Only tested on Ubuntu 22.04

Install docker following the official documentation and finish linux-postinstall.

Install system-level dependencies:

$ sudo apt install -y libosmesa6-dev libgl1-mesa-glx libglfw3 patchelf

We recommend Miniforge instead of the standard anaconda distribution for faster installation:

$ mamba env create -f conda_environment.yaml

Activate environment

$ conda activate umi
(umi)$ 

Running UMI SLAM pipeline

Download example data

(umi)$ wget --recursive --no-parent --no-host-directories --cut-dirs=2 --relative --reject="index.html*" https://real.stanford.edu/umi/data/example_demo_session/

Run SLAM pipeline

(umi)$ python run_slam_pipeline.py example_demo_session

...
Found following cameras:
camera_serial
C3441328164125    5
Name: count, dtype: int64
Assigned camera_idx: right=0; left=1; non_gripper=2,3...
             camera_serial  gripper_hw_idx                                     example_vid
camera_idx                                                                                
0           C3441328164125               0  demo_C3441328164125_2024.01.10_10.57.34.882133
99% of raw data are used.
defaultdict(<function main.<locals>.<lambda> at 0x7f471feb2310>, {})
n_dropped_demos 0

For this dataset, 99% of the data are useable (successful SLAM), with 0 demonstrations dropped. If your dataset has a low SLAM success rate, double check if you carefully followed our data collection instruction.

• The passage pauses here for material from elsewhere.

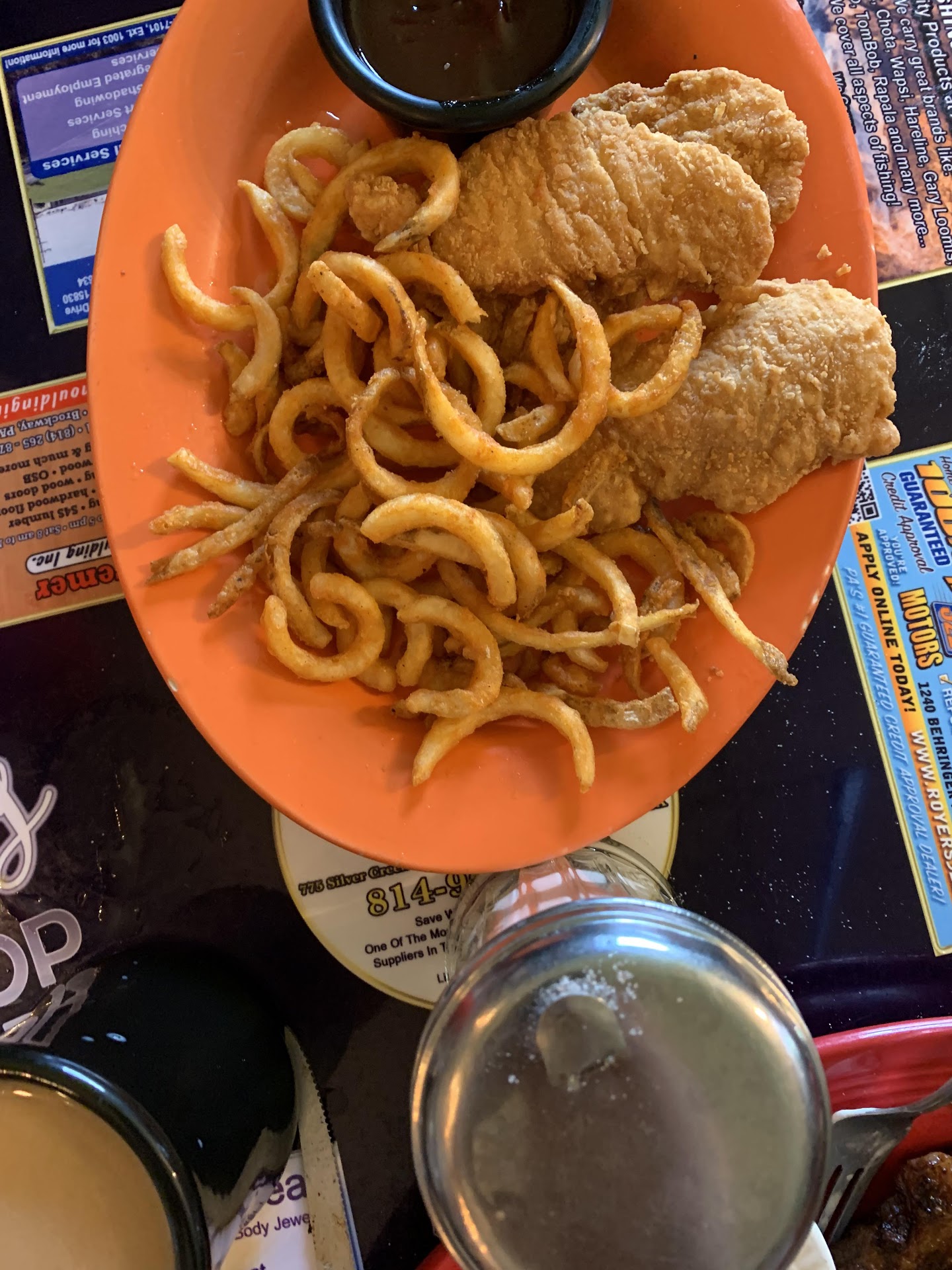 This is the first time I went there and it was better than I expected. I do have to point out for the amount of customers they get, they could at least fix their booth seats as they had huge holes, rips, etc. The infant high chairs did not have proper buckles on them at all. When we went, it was quite, with very few customers, except for my baby who was not quite at all. Next, let's get to the food! So, the fries were actually the best fries around. Even better than your local fast food restaurants. The chicken tenders were perfect. The "spicy" curly fries were a bit of a let down because they didn't have a "spicy" kick to them. The Dexter burger was juicy and messy, falling apart once you bite into it. The ribeye had to be cooked a little longer because it was still rare, when I asked for not well done, but not too rare. The waitresses was kind enough to wait until I cut into it and take it back for a longer cooking session. The hamburger steak was good. The only issues I had was that there was not enough gravy on it and it was salty in some areas of the meat. The orange juice tasted nasty. I don't know where they got it from, but I DO NOT RECOMMEND! Other then the above faults and flaws, I think I might...

Despite our significant effort on robustness improvement, OBR_SLAM3 is still the most fragile part of UMI pipeline. If you are an expert in SLAM, please consider contributing to our fork of OBR_SLAM3 which is specifically optimized for UMI workflow.

Generate dataset for training.

(umi)$ python scripts_slam_pipeline/07_generate_replay_buffer.py -o example_demo_session/dataset.zarr.zip example_demo_session

Training Diffusion Policy

Single-GPU training. Tested to work on RTX3090 24GB.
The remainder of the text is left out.